The calls for change were made at the Conservative Party Conference taking place today (October 3), which is currently taking place in Birmingham.

It is argued that the drug’s current classification is not appropriate given new data that suggests it is more harmful than previously thought.

However, the Home Secretary stressed that the appeals are only proposals, and at the moment there is no indication that the classification of the drug will change.

David Sidwick, the Police and Crime Commissioner for Dorset, said cannabis “hurts” because it is a “gateway drug”.

“If you look at young people in treatment, the number one drug they’re in treatment for is cannabis,” he said.

It has been argued that cannabis is more harmful than previously thought.  Credit: Alamy / Brian Jackson
It has been argued that cannabis is more harmful than previously thought. Credit: Alamy / Brian Jackson

The commissioner argued that if cannabis is reclassified, it will allow police to deal more effectively with those prosecuted for its abuse.

“There are so many drug crimes that actually by addressing this, giving us this clarity, it’s clearer for our police to be able to do what they need to do,” he said. .

Those caught in possession of Class A drugs can face up to seven years behind bars and an unlimited fine.

The penalty is even harsher for those who produce and supply the substances, and they can potentially be imprisoned for life.
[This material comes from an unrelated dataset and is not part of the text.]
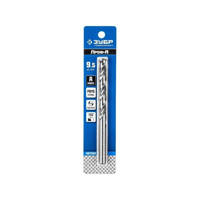 Сверло Зубр 29625-9.5 по металлу Д=9.5мм Дл=125мм (1пред) для дрелей

Penalties for class B drugs, which also include speed and ketamine, are relatively less severe.

People caught in possession of Class B drugs face up to five years in prison for possession and 14 years behind bars if they supply or produce the drug.

Class B drugs are penalized less than Class A drugs. Credit: Alamy / Joe Bird
Class B drugs are penalized less than Class A drugs. Credit: Alamy / Joe Bird

The conservative proposal has been criticized by cannabis advocates.

Peter Reynolds, the president of CLEAR, called the proposal “completely crazy” amid the organization’s work to legalize drugs.

A spokesperson for the head office said: “There are currently no plans to reclassify cannabis, which is controlled as a Class B drug in the UK based on clear medical and scientific evidence of its harms. “

LADbible has reached out to the Conservative Party for comment.